2012 Melbourne Fringe:
• The Red Bird and Death

Posted on 02 October 2012

Good storytelling skills are one of the bedrocks of good comedy. At least with storytelling, if the jokes fall flat but the story is interesting, no one minds too much. This is why I recommend comedians take the time to go to performances such as Roslyn Quin’s The Red Bird and Death.

Quin is a passionate storyteller. She possesses a depth of knowledge in European folklore and fairytales. Hers is not a Disney fed imagination sanitised of all humanity. For Red Bird she teamed up with producer/director Olivia Duval of Golden Owl Events. Duval specialises in elaborate masked balls and public roleplaying games.

The first thing you notice about The Red Bird and Death is its richly detailed production values. I usually advocate that less is more when it comes to props. However, when they thematically hold together and are aesthetically woven into a space, so that in the end everything has its place, the audience is drawn in by the lavish scenic tapestry rather than confused by a cluttered jumble.

The prop item that most enchanted the audience was the furry chair.
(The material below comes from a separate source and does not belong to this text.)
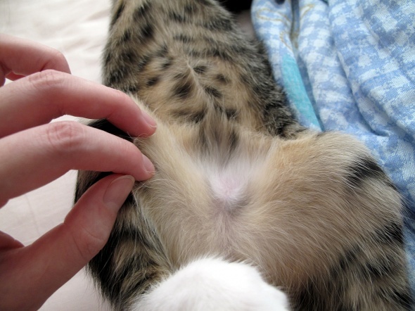 この通り、お腹側に長い毛が結構生えてる半蔵ですが

It had a pair of large horns and its arms were in fact arms, which ended in clawed paws that upon occasion waggled with the help of a puppeteer. Other magical prop items I dare not describe for fear of spoiling their surprise.

Quin’s storytelling reminds us that fairytales were originally an adult affair. The Victorian era has a lot to answer for—infantilising part of the British cultural heritage. It was during that time the depiction of fairies went from including large radiant deities to only diminutive winged spirits. Quin’s stories include murder, monsters, and brushes with death and the devil.

She was supported by live musicians and a team of puppeteers. Musical group XIBE8 (Matt Brown, Peter Dumsday, and Shannon Millard) wove their own magic with an ambient sound that included the warmth of traditional instruments and the unearthly qualities of electronica and syncopated noise. Puppeteers Emma Buckley, Kieren Martin, Fyodor Krasniy and Matt Hood brought to life shadow puppets, body puppets, hand, rod, and object puppets. The show definitely had a Jim Henson’s The Storyteller feel to it. The puppeteers demonstrated real skill and with a light touch brought their characters to life.

The creative density of this show was impressive. The best word to describe The Red Bird and Death is charming…both in the sense of bringing joy and enchanting us with its magic. Roslyn Quin was a shining presence exuding warmth, wisdom, and youthful good-humour. This show is already selling out, so buy tickets immediately.